- _Problem_
Give exactly the lines from the one that contains "Are you laboring" through the end of the entries below, both included; the pictures stay out.

- _Material shown_

··········

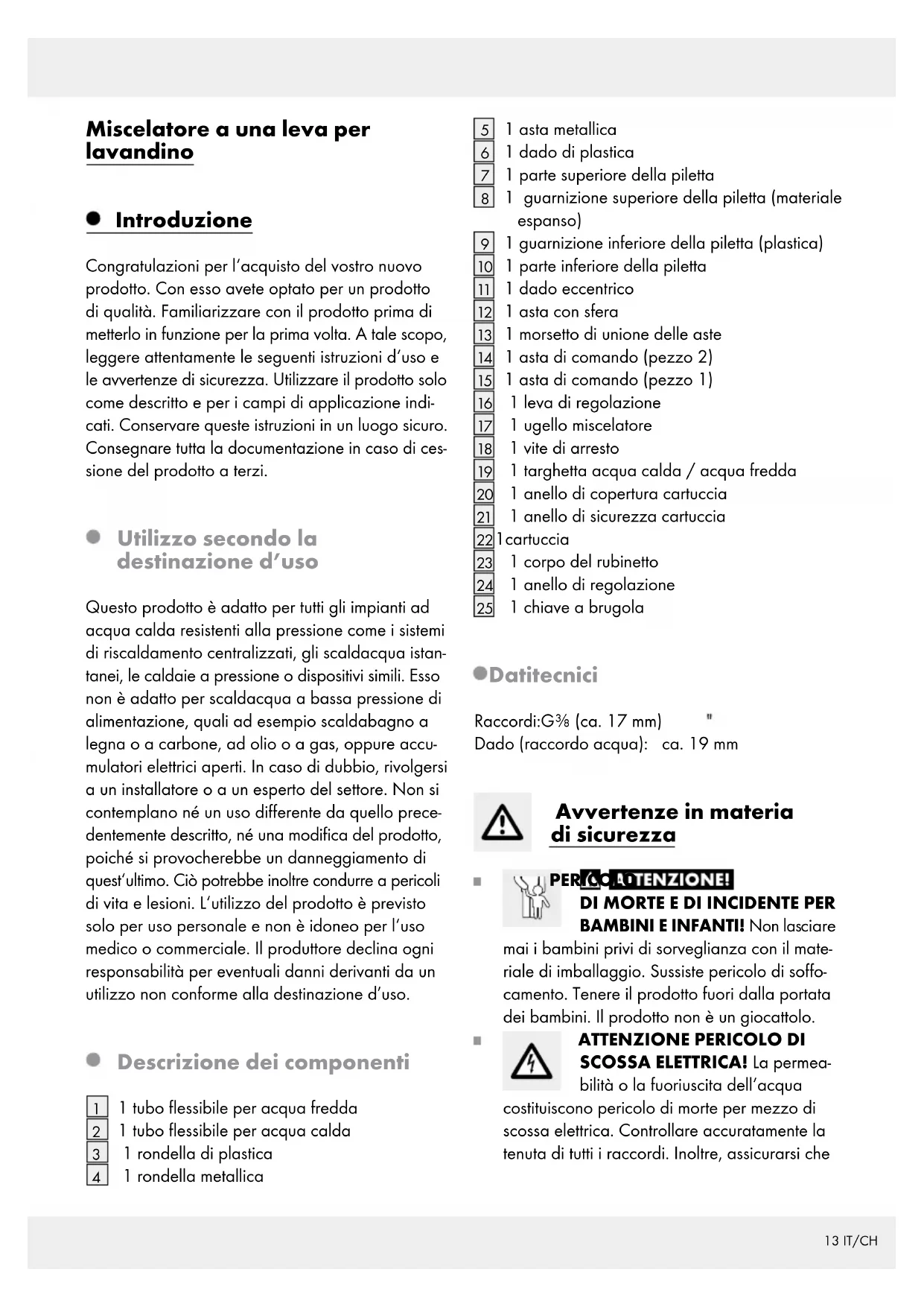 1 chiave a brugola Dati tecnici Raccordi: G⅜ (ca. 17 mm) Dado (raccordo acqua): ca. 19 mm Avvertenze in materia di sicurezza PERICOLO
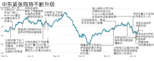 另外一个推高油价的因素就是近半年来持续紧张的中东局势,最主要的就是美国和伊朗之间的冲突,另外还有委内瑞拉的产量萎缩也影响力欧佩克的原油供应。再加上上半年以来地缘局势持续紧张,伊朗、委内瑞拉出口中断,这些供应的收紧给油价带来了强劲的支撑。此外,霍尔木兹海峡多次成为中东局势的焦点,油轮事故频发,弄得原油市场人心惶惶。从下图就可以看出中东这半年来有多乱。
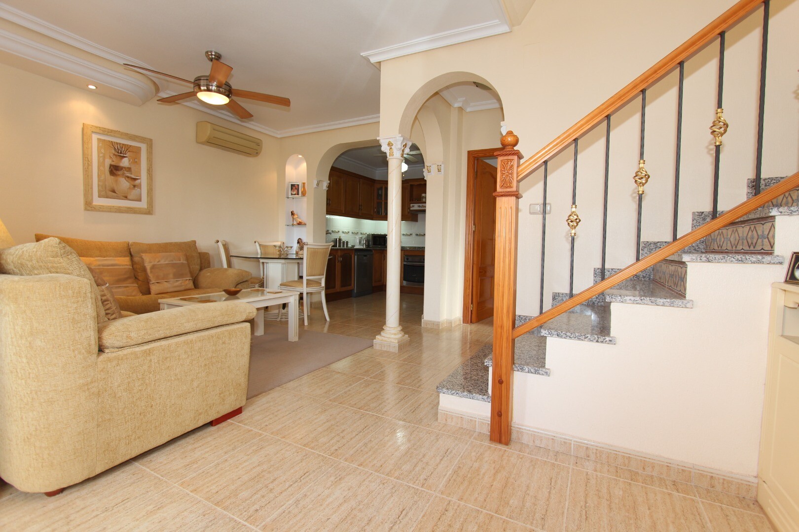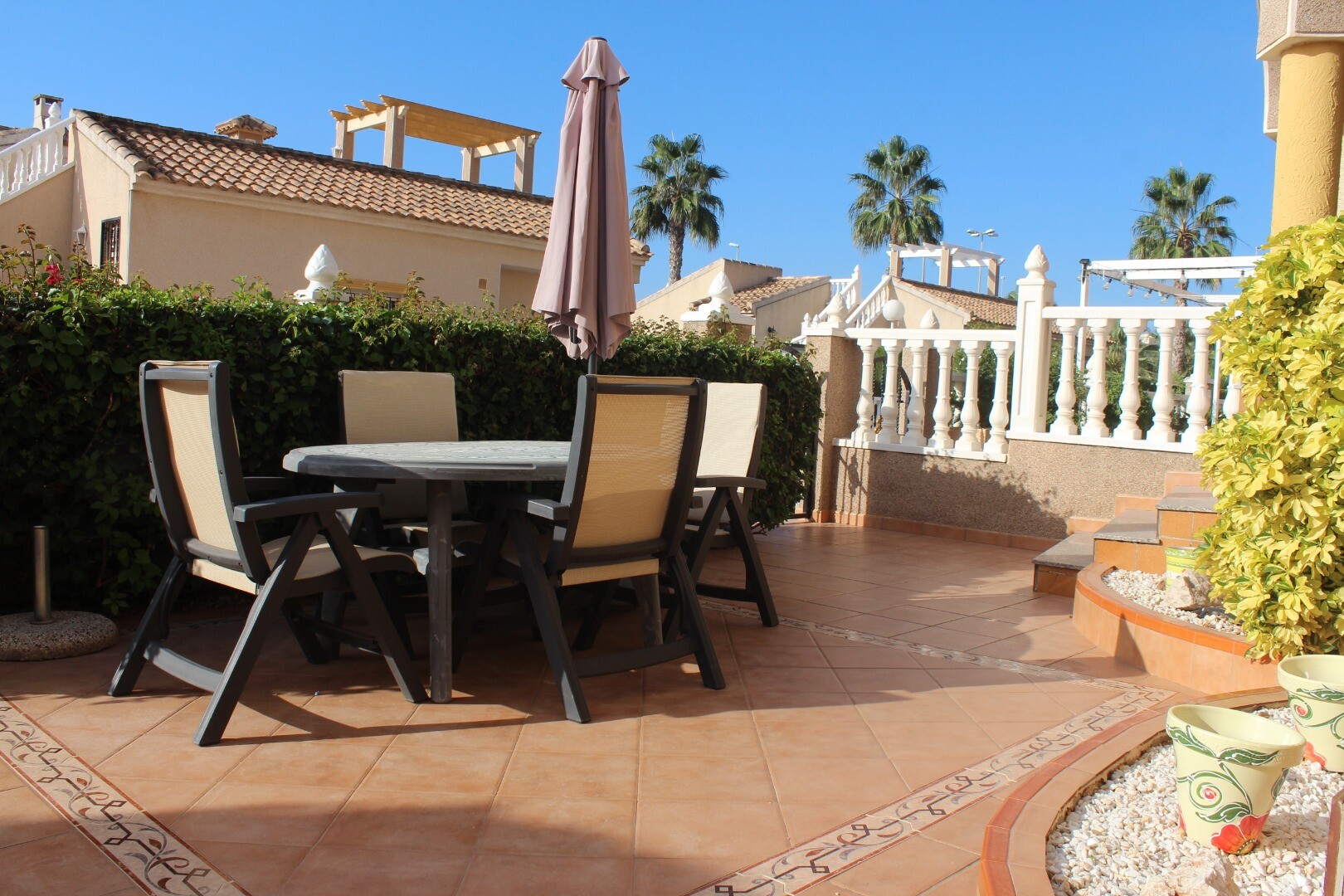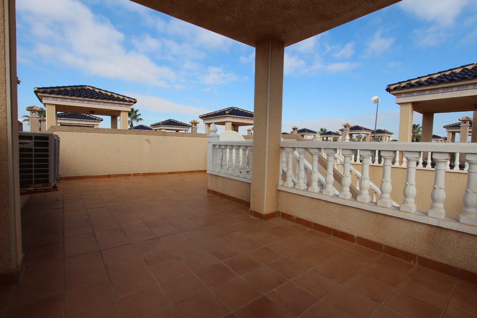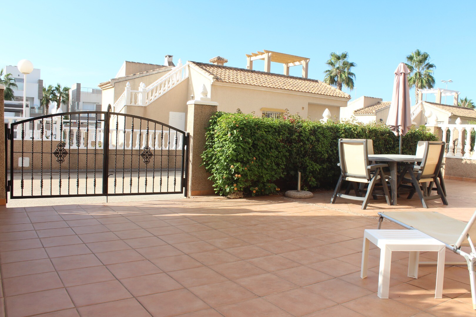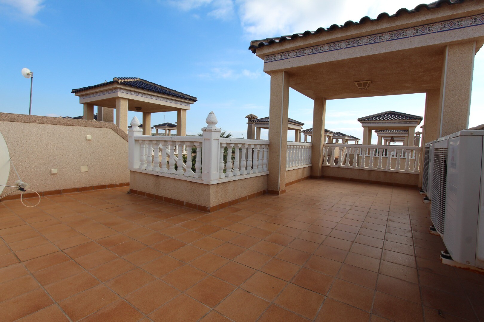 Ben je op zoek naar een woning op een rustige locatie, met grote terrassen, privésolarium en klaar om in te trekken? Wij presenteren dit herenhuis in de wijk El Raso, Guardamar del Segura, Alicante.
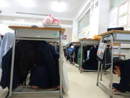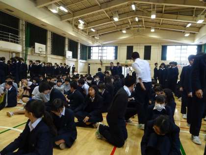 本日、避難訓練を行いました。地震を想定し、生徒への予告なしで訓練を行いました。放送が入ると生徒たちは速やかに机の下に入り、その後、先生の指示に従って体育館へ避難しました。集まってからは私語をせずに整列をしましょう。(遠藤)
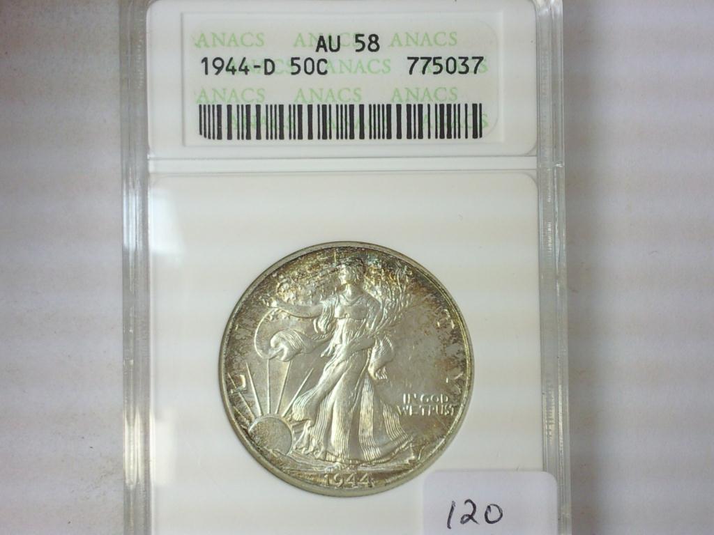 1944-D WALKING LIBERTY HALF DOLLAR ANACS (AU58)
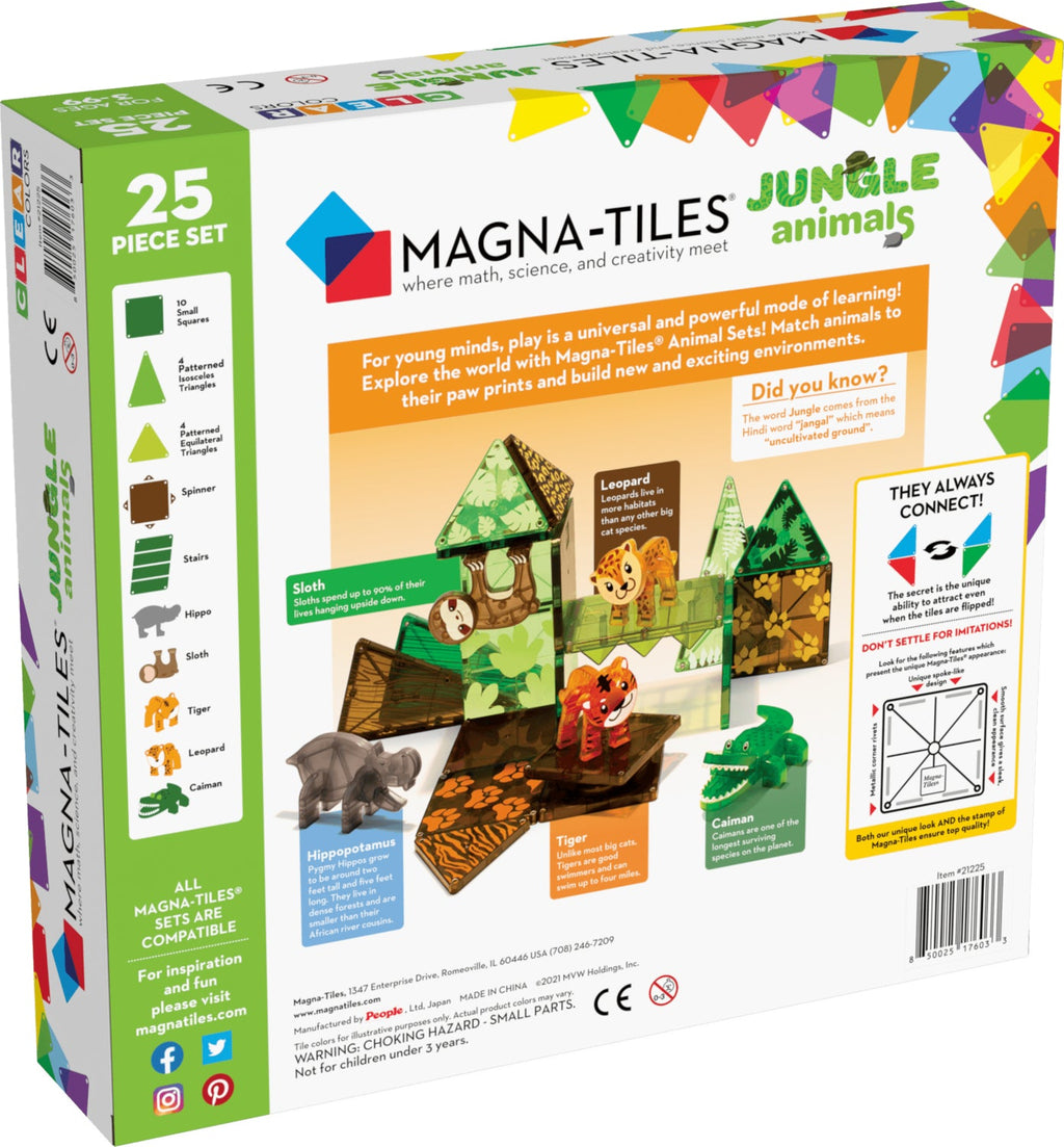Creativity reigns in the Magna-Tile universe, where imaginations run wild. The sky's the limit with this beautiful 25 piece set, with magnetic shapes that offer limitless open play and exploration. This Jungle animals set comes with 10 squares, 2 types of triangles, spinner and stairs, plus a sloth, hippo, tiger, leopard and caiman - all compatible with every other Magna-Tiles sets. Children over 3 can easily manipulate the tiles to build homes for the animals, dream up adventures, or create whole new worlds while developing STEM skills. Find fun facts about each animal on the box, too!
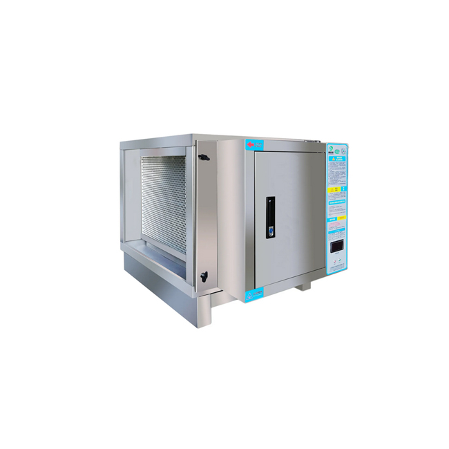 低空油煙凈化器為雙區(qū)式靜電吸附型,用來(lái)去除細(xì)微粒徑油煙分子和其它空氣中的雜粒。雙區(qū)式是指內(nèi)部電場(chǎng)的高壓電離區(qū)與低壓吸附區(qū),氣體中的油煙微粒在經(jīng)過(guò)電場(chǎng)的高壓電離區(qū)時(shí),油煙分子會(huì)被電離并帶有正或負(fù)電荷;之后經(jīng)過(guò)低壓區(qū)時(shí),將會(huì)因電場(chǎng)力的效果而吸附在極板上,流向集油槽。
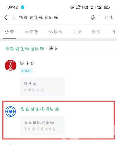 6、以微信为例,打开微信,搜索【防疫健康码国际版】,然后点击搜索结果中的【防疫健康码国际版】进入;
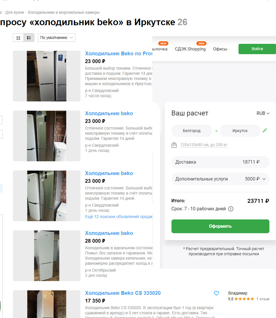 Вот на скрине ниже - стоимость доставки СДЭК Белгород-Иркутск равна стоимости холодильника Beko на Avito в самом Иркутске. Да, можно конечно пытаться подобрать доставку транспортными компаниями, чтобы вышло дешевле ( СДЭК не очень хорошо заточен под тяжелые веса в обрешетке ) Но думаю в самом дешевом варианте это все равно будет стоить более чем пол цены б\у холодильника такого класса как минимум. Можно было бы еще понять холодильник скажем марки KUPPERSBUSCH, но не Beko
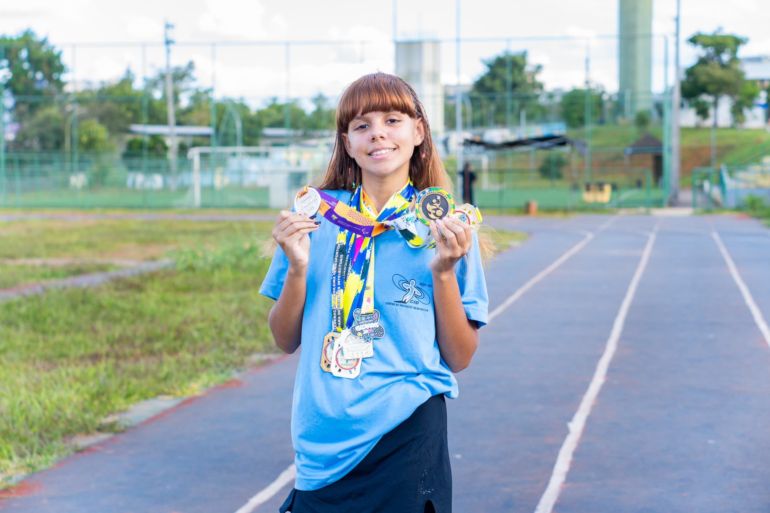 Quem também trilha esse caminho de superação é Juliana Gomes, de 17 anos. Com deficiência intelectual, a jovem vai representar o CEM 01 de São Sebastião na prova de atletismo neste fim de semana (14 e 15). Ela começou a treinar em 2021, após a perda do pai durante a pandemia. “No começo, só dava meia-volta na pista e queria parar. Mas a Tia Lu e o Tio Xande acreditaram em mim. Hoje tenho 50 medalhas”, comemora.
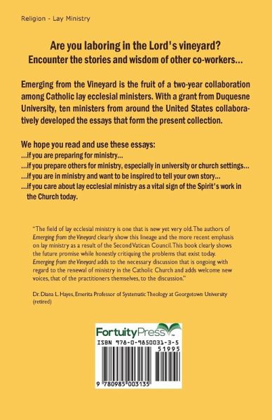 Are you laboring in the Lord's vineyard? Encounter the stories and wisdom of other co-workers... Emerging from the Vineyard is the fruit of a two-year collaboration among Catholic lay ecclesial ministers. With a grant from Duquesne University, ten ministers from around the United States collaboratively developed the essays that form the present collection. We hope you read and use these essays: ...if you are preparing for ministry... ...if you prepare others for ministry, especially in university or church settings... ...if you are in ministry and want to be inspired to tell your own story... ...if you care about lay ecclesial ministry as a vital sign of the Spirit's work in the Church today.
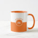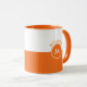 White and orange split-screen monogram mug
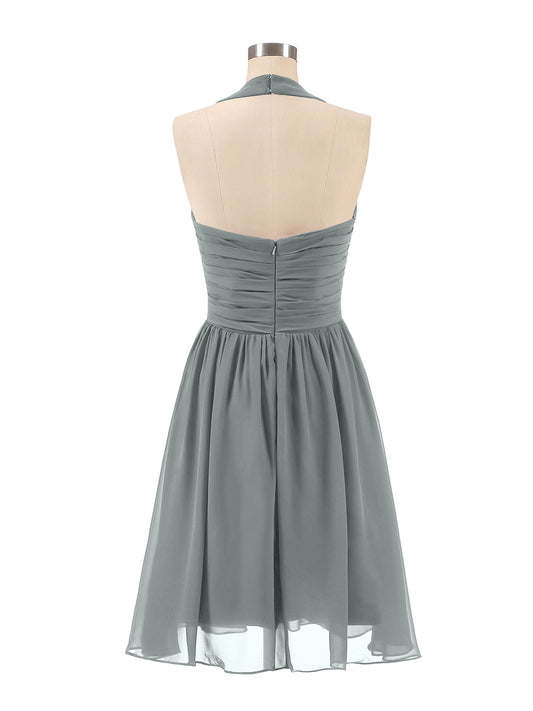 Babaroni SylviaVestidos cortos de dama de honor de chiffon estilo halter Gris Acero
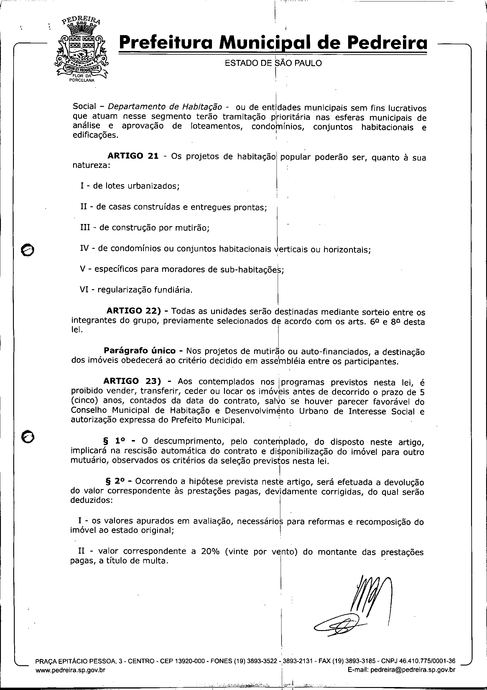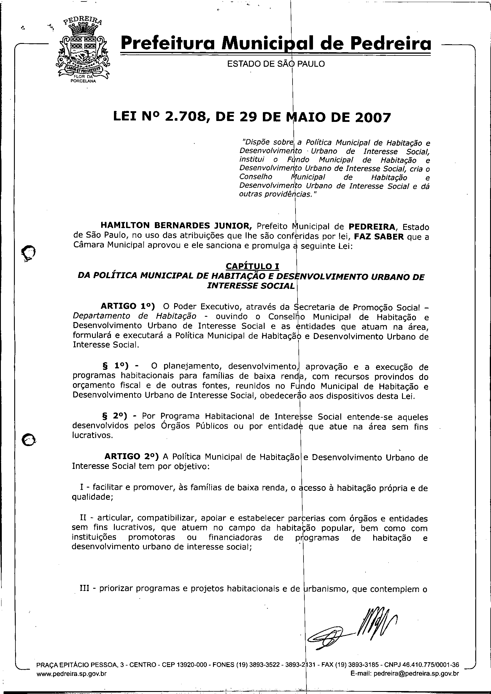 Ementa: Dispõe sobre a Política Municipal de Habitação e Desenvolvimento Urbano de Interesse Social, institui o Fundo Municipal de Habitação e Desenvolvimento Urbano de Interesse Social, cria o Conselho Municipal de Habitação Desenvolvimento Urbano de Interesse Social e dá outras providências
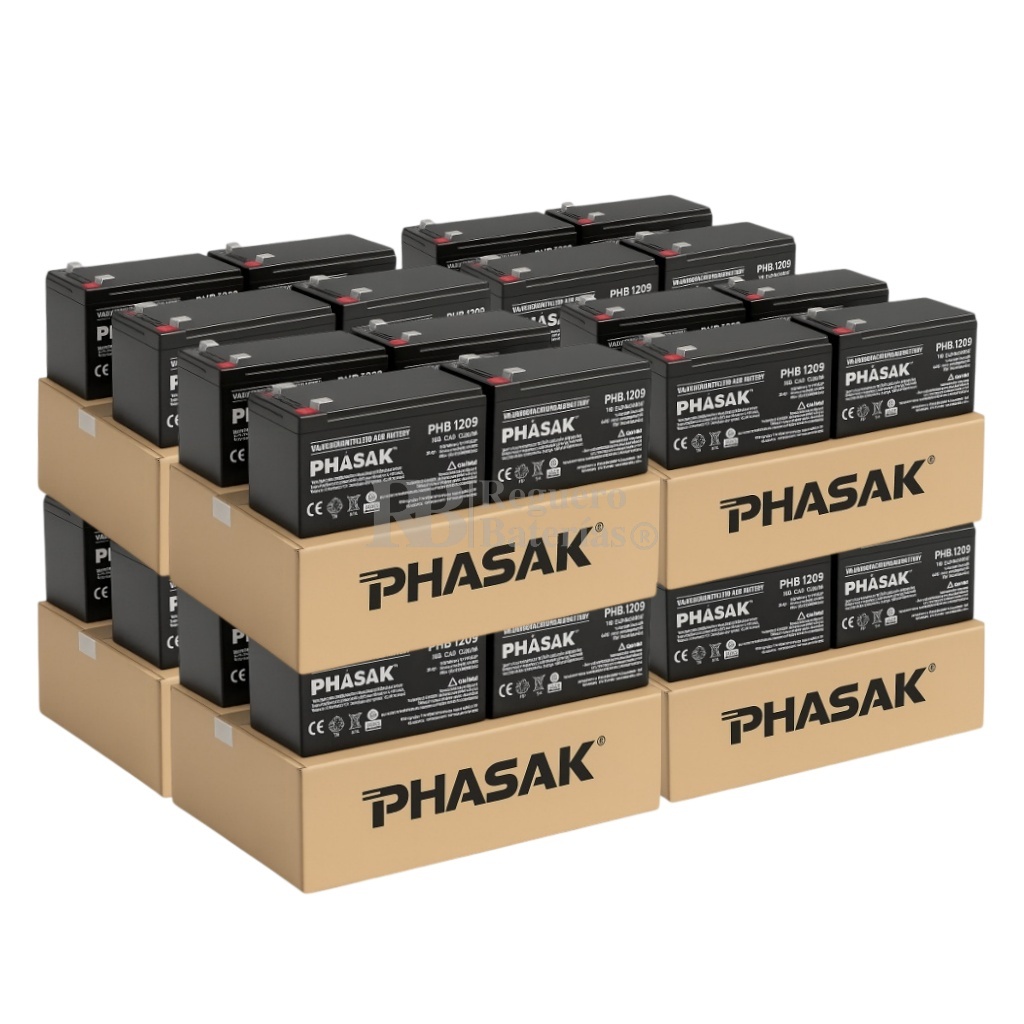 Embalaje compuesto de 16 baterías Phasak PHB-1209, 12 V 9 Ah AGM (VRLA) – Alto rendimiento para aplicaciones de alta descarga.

··········

- _Written answer_
 Are you laboring in the Lord's vineyard? Encounter the stories and wisdom of other co-workers... Emerging from the Vineyard is the fruit of a two-year collaboration among Catholic lay ecclesial ministers. With a grant from Duquesne University, ten ministers from around the United States collaboratively developed the essays that form the present collection. We hope you read and use these essays: ...if you are preparing for ministry... ...if you prepare others for ministry, especially in university or church settings... ...if you are in ministry and want to be inspired to tell your own story... ...if you care about lay ecclesial ministry as a vital sign of the Spirit's work in the Church today.
 White and orange split-screen monogram mug
 Babaroni SylviaVestidos cortos de dama de honor de chiffon estilo halter Gris Acero
 Ementa: Dispõe sobre a Política Municipal de Habitação e Desenvolvimento Urbano de Interesse Social, institui o Fundo Municipal de Habitação e Desenvolvimento Urbano de Interesse Social, cria o Conselho Municipal de Habitação Desenvolvimento Urbano de Interesse Social e dá outras providências
 Embalaje compuesto de 16 baterías Phasak PHB-1209, 12 V 9 Ah AGM (VRLA) – Alto rendimiento para aplicaciones de alta descarga.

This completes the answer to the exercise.